Watson v. United States

PER CURIAM:

In substance, the Government presented testimony at trial that on August 16, 1968, about 11:05 P. M., two police officers in a scout car on a parking lot in the 1300 block of Savannah Street, S. E. saw an automobile start to enter the lot, back out at a high rate of speed and pull to the curb in front of 1357 Savannah Street. Because of prior information received, the officers immediately pulled out of the lot and parked behind the car. Both officers testified that they saw appellant, the operator of the car and the only occupant of the front seat, slide across the seat, pull a dark object from either his trousers or his coat, open the door on the passenger side and drop the object to the ground. Upon investigation, by shining a flashlight on the ground, they saw a .22 caliber sawed-off rifle lying in the street slightly under the edge of the car. Defense testimony tended to contradict this evidence, particularly with respect to the number of persons and the seating arrangement in the car.

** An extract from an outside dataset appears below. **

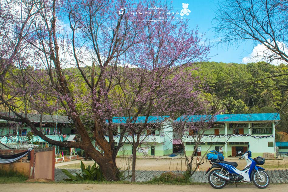 ขับมาจะผ่านสามแยก บ้านขุนวาง มีดอกพญาเสือโคร่งบานค่อนข้างเยอะ เลยแวะครับ

Appellant was arrested for and subsequently convicted of carrying a dangerous weapon in violation of D.C.Code 1967, § 22-3204. On appeal he contends there was insufficient evidence to establish guilt and that the court erroneously ruled that the Government could impeach him by use of his prior record.

As to appellant’s first contention on appeal, we think it clear that the evidence posed a question of guilt or innocence for determination by a jury.1 And inasmuch as the verdict has substantial support in the evidence, it will be sustained.2

As to the Luck 3 issue, it is doubtful that the court ever ruled that the Government could use a 1967 petit larceny conviction to impeach appellant if he took the witness stand. It appears that a ruling might have been reserved when the question was broached at a bench conference early in the trial, yet the matter was not mentioned again. In any event, while appellant did not take the stand, he presented six witnesses in defense whose version of the events could not have materially differed from any evidence he would have given had he chosen to testify. No special need was shown for appellant’s testimony,4 which would have been cumulative to that of the witnesses who claimed to have been with him in the car or in the immediate vicinity of the car, nor did appellant demonstrate that he was in any way prejudiced in his defense. Accordingly, the conviction is

Affirmed.

. Curley v. United States, 81 U.S.App. D.C. 389, 160 F.2d 229, cert. denied, 331 U.S. 837, 67 S.Ct. 1511, 91 L.Ed. 1850 (1947).

. Crawford v. United States, 126 U.S.App.D.C. 156, 375 F.2d 332 (1967).

. Luck v. United States, 121 U.S.App.D.C. 151, 348 F.2d 763 (1965).

. Evans v. United States, 130 U.S.App.D.C. 114, 397 F.2d 675 (1968), cert. denied, 394 U.S. 907, 89 S.Ct. 1016, 22 L.Ed.2d 218 (1969).